## TASK STATEMENT
In the entries below, the lines from the one with "Spisebord med glassplate og 8 stoler" through the one with "Especificações: Brinco X" are to be copied exactly; both ends count.

## SUPPLIED RECORDS
§

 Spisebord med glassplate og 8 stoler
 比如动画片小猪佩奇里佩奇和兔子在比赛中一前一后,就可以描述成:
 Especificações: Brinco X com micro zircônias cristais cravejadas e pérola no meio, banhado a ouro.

§

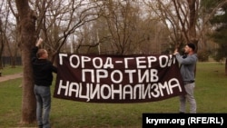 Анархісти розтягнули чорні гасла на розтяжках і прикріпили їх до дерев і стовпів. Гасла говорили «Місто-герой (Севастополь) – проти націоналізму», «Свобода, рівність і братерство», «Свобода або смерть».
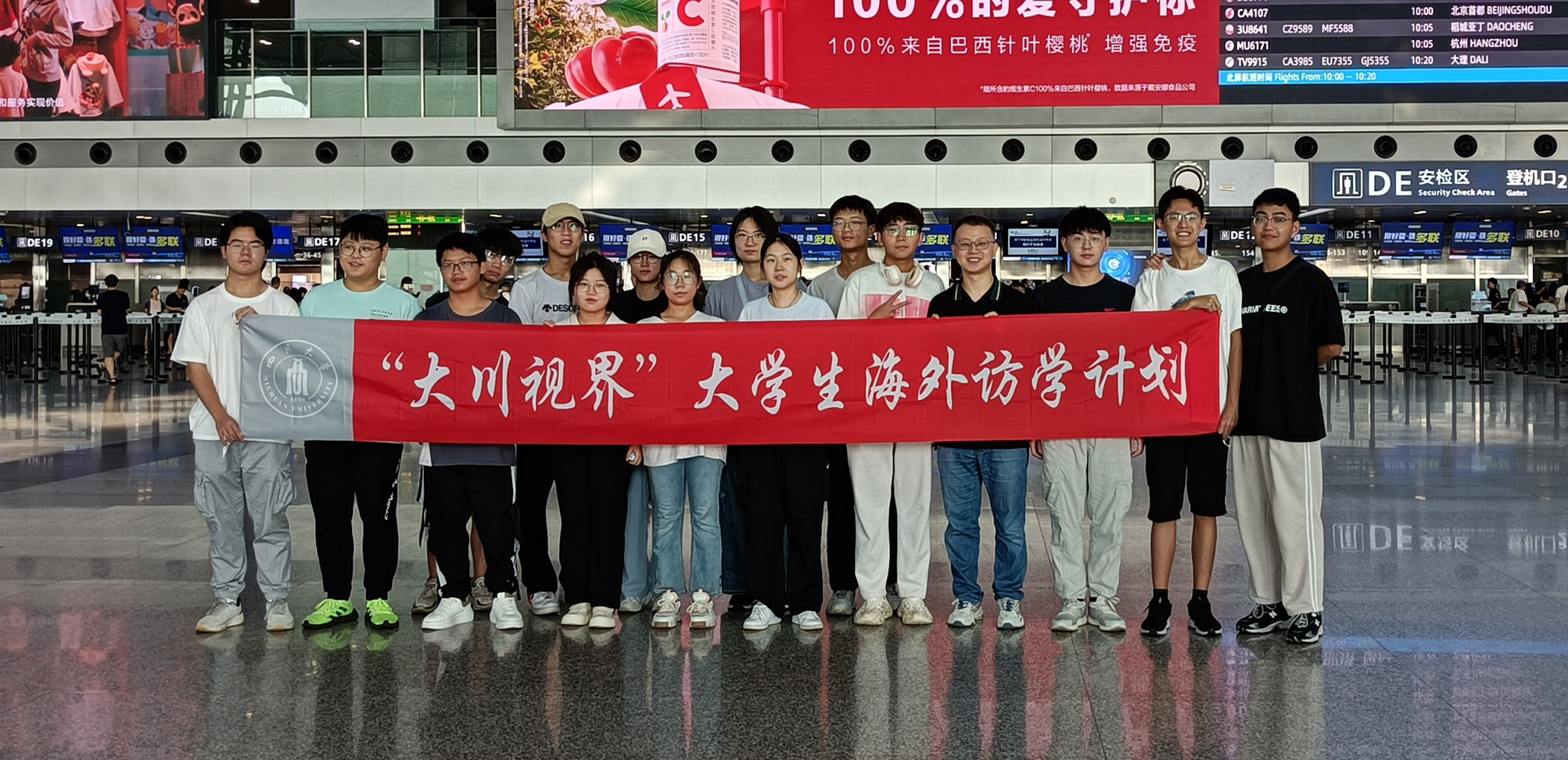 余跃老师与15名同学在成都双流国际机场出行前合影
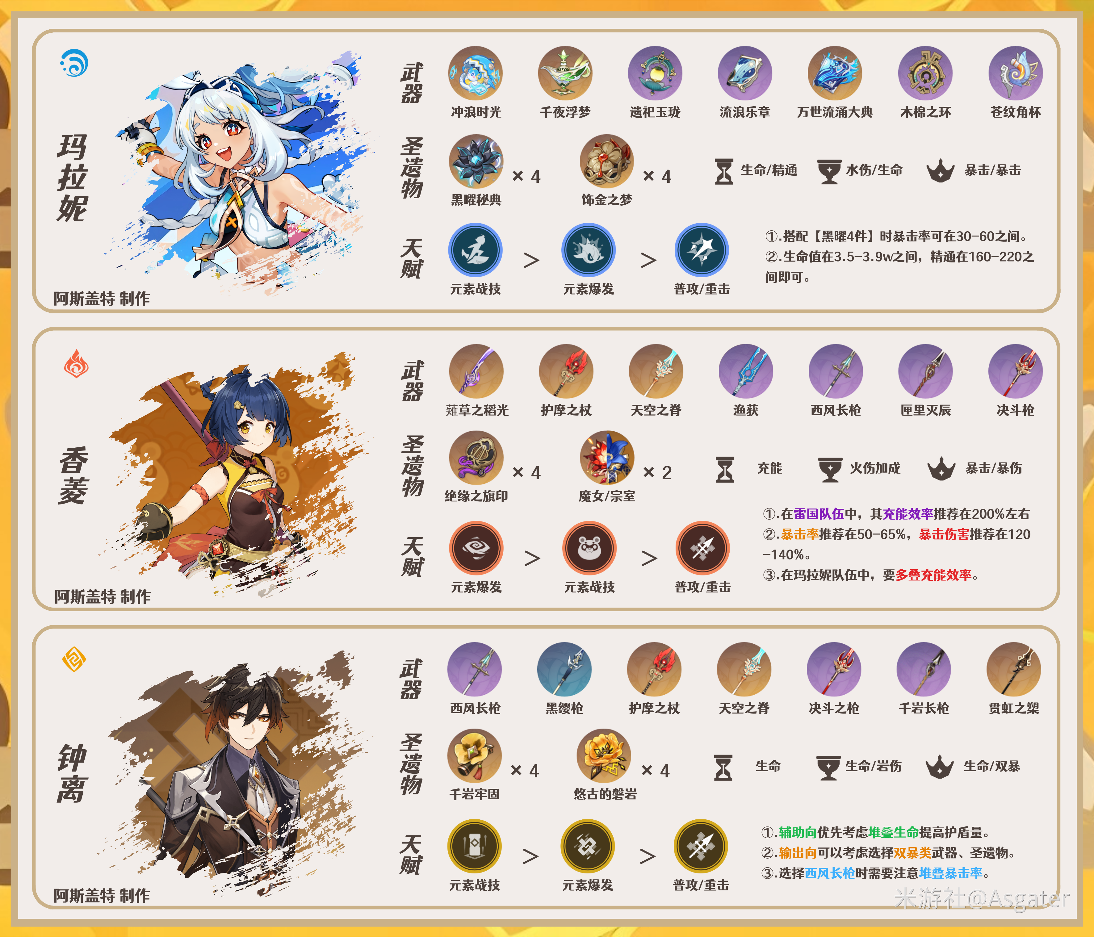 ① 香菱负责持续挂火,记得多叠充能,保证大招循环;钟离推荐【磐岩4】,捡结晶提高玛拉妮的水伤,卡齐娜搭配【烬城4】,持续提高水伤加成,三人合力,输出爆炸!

§

## FINISHED TASK
 Spisebord med glassplate og 8 stoler
 比如动画片小猪佩奇里佩奇和兔子在比赛中一前一后,就可以描述成:
 Especificações: Brinco X com micro zircônias cristais cravejadas e pérola no meio, banhado a ouro.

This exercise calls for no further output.